Blog

12th April 2016

12-April-2016
12-April-2016 18:42
in General
by Admin

Having been up to feed at 4 A.M I was delighted to receive an email from Sholto asking if I would bowl at him when I got back from galloping. We took Kimberlite Candy and Triopas for an away day. Both horses worked nicely, Triopas heads to the Goffs bumper at Exeter next week but will want some decent ground. Kimberlite Candy is being aimed at Woodford as he has from the day we bought him. He’s a big raw 4-year-old by Flemensfirth, we always knew he would need as much time as possible and Woodford is one of our favourite dates in the p2p calendar.

We worked Man O’ Words and Chase End Charlie on our return, all other horses had routine canters.

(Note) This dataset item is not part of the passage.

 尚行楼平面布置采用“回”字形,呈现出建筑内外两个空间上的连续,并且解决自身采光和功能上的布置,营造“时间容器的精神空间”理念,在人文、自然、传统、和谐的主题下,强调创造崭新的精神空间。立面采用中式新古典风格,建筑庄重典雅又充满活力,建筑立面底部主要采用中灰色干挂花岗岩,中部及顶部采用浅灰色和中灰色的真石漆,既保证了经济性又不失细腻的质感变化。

The contest for the champion trainer’s title is hotting up. I fear the bird may have flown for Paul Nicholls. Willie Mullins has set his stall out and he’s all out to win it. If Paul Nicholls can retain it, it would be a huge achievement given the fire power and lead Willie Mullins has over him. If Mullins can win the title is would be great for history as I’m reliably informed Vincent O’Brien didn’t win the Irish and British titles in the same year.

 

A farmer named Sam was overseeing his herd in a remote hilly pasture in
Hereford when suddenly a brand-new BMW advanced toward him out of a
cloud of dust.
The driver, a young man in a Brioni® suit, Gucci® shoes, RayBan®
sunglasses and YSL® tie, leaned out the window and asked the farmer,
“If I tell you exactly how many cows and calves you have in your herd,
will you give me a calf?”
Sam looks at the man, who is clearly a yuppie, then looks at his
peacefully grazing animals and calmly answers, “Sure, why not?”
The yuppie parks his car, whips out his Dell® notebook computer,
connects it to his Cingular RAZR V3® cell phone, and surfs to a NASA
page on the Internet, where he calls up a GPS satellite to get an exact
fix on his location which he then feeds to another NASA satellite that
scans the area in an ultra-high-resolution photo.
The young man then opens the digital photo in Adobe Photoshop® and
exports it to an image processing facility in Hamburg, Germany …
Within seconds, he receives an email on his Palm Pilot® that the image
has been processed and the data stored. He then accesses an MS-SQL
database through an ODBC connected Excel® spreadsheet with email on his
Blackberry® and, after a few minutes, receives a response.
Finally, he prints out a full-colour, 150-page report on his hi-tech,
miniaturised HP LaserJet® printer, turns to the Farmer and says, “You
have exactly 1,586 cows and calves.”
“That’s right. Well, I guess you can take one of my calves,” says Sam.
He watches the young man select one of the animals and looks on with
amusement as the young man stuffs it into the trunk of his car.
Then Sam says to the young man, “Hey, if I can tell you exactly what
your business is, will you give me back my calf?”
The young man thinks about it for a second and then says, “Okay, why
not?”
“You’re a Member of the European Parliament”, says Sam.
“Wow! That’s correct,” says the yuppie, “but how did you guess that?”
“No guessing required.” answered Sam. “You showed up here even though
nobody called you; you want to get paid for an answer I already knew,
to a question I never asked. You used millions of pounds worth of
equipment trying to show me how much smarter than me you are; and you
don’t know a thing about how working people make a living – or about
cows, for that matter. This is a herd of sheep.
Now give me back my dog.
AND THAT Friends IS WHAT THE PROBLEM IS WITH THE EU!!